23.09.2021
Encapsulation innovation: IDEALmoldTM 3Ge, Image source: ASMPT
Encapsulation
In simple terms, encapsulation refers to the process of enclosing plastic material around an object, so that a protection volume forms around the object like a capsule. This method has already been in use since the invention of integrated microelectronics (‘Integrated Circuits’ (ICs)) in the back-end semiconductor packaging and assembly process around 40 years ago.
There are many forms of encapsulation such as injection, glob topping, compression and transfer. The purpose of transfer encapsulation is to protect IC assemblies and their interconnections against mechanical interference and hostile environments when in use. This transfer moulding technology might seem ‘ancient’ in comparison to others, but it has made great progress thanks to advances in Plastic Encapsulated Microelectronics (PEM) packages, encapsulation techniques, and even the plastic material used to protect ICs.
Understanding Transfer Molding
Transfer molding is an encapsulation method where a thermoset plastic material known as ‘epoxy’ is loaded in pellet form and preheated inside a metal pot, then forced to flow into the mould cavities where the PEM in question to be protected is. This process uses a heated plunger, via a plumbing system utilizing a series of gate and runners (see Figure 1).

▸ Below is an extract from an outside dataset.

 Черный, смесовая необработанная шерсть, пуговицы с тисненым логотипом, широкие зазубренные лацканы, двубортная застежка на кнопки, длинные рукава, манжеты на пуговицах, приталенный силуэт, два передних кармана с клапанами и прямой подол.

Figure 1: Complete Transfer Molding Process, Image source: ASMPT
The advantages of transfer moulding are that it facilitates standardization, with less variation in package thickness. This is because it holds tighter tolerances for parts that are more intricate to form. This in turn generates a higher Unit-Per-Hour (UPH) for high cavity count applications. This means shortening the production cycle, a faster setup time, and finally lower operating costs. In addition, transfer molding tooling is cost efficient when moulding a large number of PEMs within a typical 30-second machine cycle time.

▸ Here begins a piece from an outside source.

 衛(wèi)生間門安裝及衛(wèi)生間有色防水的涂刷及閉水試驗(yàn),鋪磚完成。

Figure 2: Advances in Transfer Moulding - PGS Technique. Image source: ASMPT
One key technical advantage of transfer moulding is its Pinnacle Gating System (PGS). The PGS uses pin gates (see Fig. 2), which are ideal when a packaging designer needs to maximize a substrate’s size that produces a high quantity PEM. For example, when mould flow induced stresses must be properly controlled, specifically by minimizing flow jetting in order to reduce stress to the wire bond to minimize ‘wire sweeping’ (Fig 3.)
Figure 3: Wire sweeping. Image source: ASMPT
The PGS technique is also cost-efficient as it optimizes the available space in a lead frame or substrate, resulting in a high UPH output due to minimal wastage of usable space. It also reduces epoxy wastage (which is eco-friendly) and provides an operational gain via lowered cost-per-unit.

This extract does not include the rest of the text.